This Data Processing Agreement (“Agreement”) is entered into by and between Erudyte, located at [Company Address] (“Controller”), and [Partner/Processor Name], located at [Partner Address] (“Processor”) (collectively, the “Parties”). This Agreement governs the terms under which Processor will process personal data on behalf of Controller, ensuring compliance with applicable data protection laws, including the Family Educational Rights and Privacy Act (FERPA), Children’s Online Privacy Protection Act (COPPA), Protection of Pupil Rights Amendment (PPRA), General Data Protection Regulation (GDPR), and California Consumer Privacy Act (CCPA).

1. Purpose and Scope

This Agreement establishes the framework for Processor’s handling of personal data on behalf of Controller, ensuring data protection and compliance with all relevant laws. Processor agrees to process personal data only as necessary for the specified services and in accordance with Controller’s documented instructions.

2. Definitions

▫️Personal Data: Any information related to an identified or identifiable person, as defined under applicable laws.

▫️Processing: Any operation performed on personal data, including collection, storage, or modification.

▫️Data Subject: An individual whose personal data is processed, including students and minors, as applicable under FERPA, COPPA, PPRA, GDPR, and CCPA.

▫️Sub-Processor: Any third party engaged by Processor to assist with processing personal data on Controller’s behalf.

3. Data Processing Instructions

Processor shall only process personal data as instructed by the Controller and solely for the purposes defined in this Agreement. Processors may not process data beyond the scope of this Agreement without Controller’s explicit written consent.

4. Processor Obligations

Processor agrees to:

▫️Comply with all applicable data protection laws, including FERPA, COPPA, PPRA, GDPR, and CCPA, to safeguard personal data.

▫️Implement appropriate technical and organizational measures to ensure data security.

▫️Ensure that personnel authorized to process personal data are bound by strict confidentiality obligations.

▫️Assist Controller in meeting its obligations to respond to data subjects’ rights under applicable laws.

▫️Promptly notify Controller of any data breach involving personal data and cooperate fully in breach response.

5. Security Measures

Processor shall implement and maintain robust security measures to protect personal data from unauthorized access, loss, or destruction. Measures may include data encryption, secure access controls, and regular testing of security practices to ensure the highest level of data protection.

6. Sub-Processors

Processor may engage Sub-Processors only with Controller’s prior written approval.
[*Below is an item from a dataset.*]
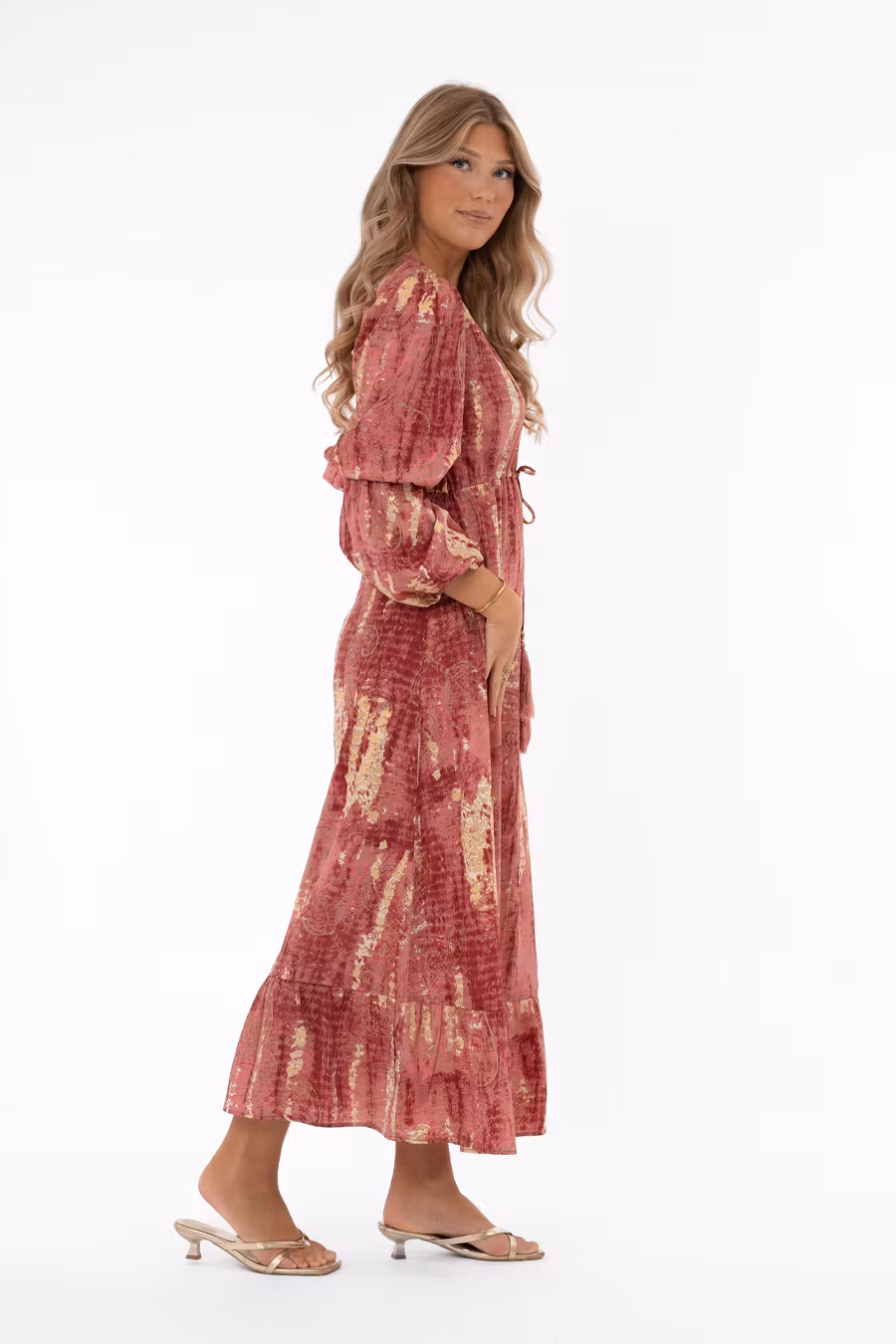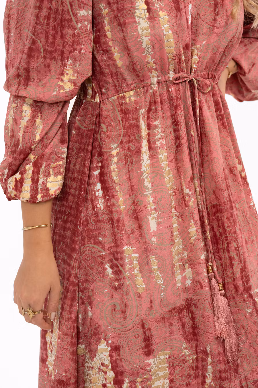 Ljuvlig sommarklänning i vackra rosa toner med eleganta detaljer i metalliskt guld. Klänningen är v-ringad i halsen och har en smickrande avskärning i midjan både fram och bak, med knytband framtill och resår baktill för bästa passform. Kjoldelen är vid och avslutas med en bred volang som ger rörelse och ett feminint fall. Ärmarna är hellånga och har resår både vid armbågen och i ärmavslutet, vilket gör att du kan bära dem helt utsträckta eller drapera upp för en snyggt fallande 3/4-längd.

Processor is responsible for ensuring that Sub-Processors adhere to the same data protection obligations outlined in this Agreement, and Processor assumes liability for any Sub-Processor breaches.
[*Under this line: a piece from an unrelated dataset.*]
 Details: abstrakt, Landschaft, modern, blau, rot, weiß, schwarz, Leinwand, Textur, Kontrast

7. Data Breach Notification

Processor must promptly notify Controller in the event of a data breach involving personal data. The notification shall include sufficient details to allow Controller to meet regulatory reporting requirements, and Processor agrees to assist Controller in responding to and mitigating the breach.

8. Data Subject Rights

Processor shall support Controller in responding to any requests from data subjects to exercise their rights under FERPA, COPPA, PPRA, GDPR, and CCPA, including rights to access, rectify, or delete their data. Processor shall not directly respond to data subjects unless explicitly instructed by Controller.

9. Data Transfer

Processor shall not transfer personal data to third countries or international organizations without Controller’s authorization. Where such transfers are permitted, Processor agrees to implement adequate safeguards, including standard contractual clauses, to ensure compliance with applicable laws.

10. Audit and Compliance

Processor shall allow Controller or its authorized auditor to conduct audits or inspections to verify compliance with this Agreement. Processor shall provide necessary documentation and assistance to demonstrate adherence to relevant data protection obligations.
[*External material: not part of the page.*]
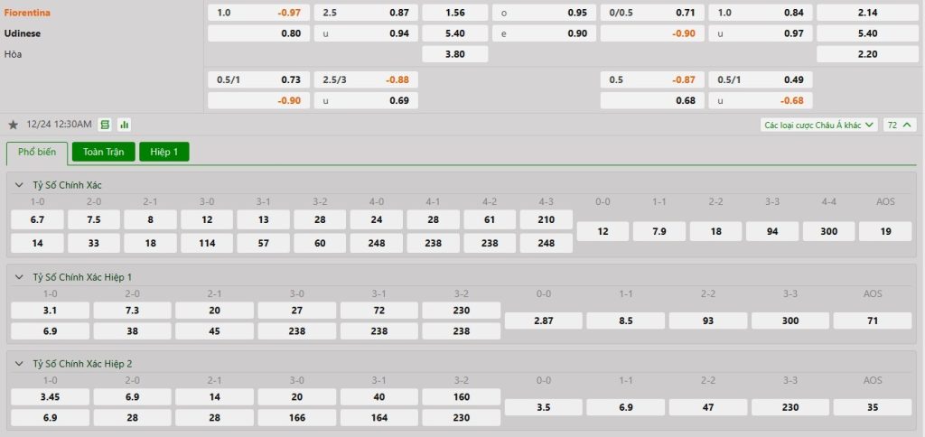 Tỷ lệ kèo cá cược bóng đá trực tuyến trận Fiorentina vs Udinese

11. Data Retention and Deletion

Processor shall retain personal data only as necessary to fulfill its obligations under this Agreement. Upon termination of the Agreement or at Controller’s request, Processor shall securely delete or return all personal data, unless otherwise required by law.

12. Liability and Indemnity

Processor shall be liable for damages arising from breaches of this Agreement. Processor agrees to indemnify and hold Controller harmless from any claims, damages, losses, or expenses resulting from Processor’s failure to comply with data protection obligations.

13. Governing Law and Jurisdiction

This Agreement is governed by Florida law. Disputes will be resolved through arbitration in Florida, following the American Arbitration Association’s rules.

14. Amendments

Any amendments to this Agreement must be in writing and signed by both Parties. Processor agrees to implement any necessary changes to maintain compliance with evolving data protection regulations.

15. Termination

This Agreement remains effective for the duration of Processor’s service to Controller. Upon termination, Processor agrees to stop all processing of personal data and to follow Controller’s instructions on data return or deletion.

16. Contact Information

For questions regarding this Agreement, please contact us at info[at]erudtion[dot]com.

By entering into this Agreement, both Parties confirm their commitment to high standards of data protection, maintaining compliance with FERPA, COPPA, PPRA, GDPR, CCPA, and other applicable regulations.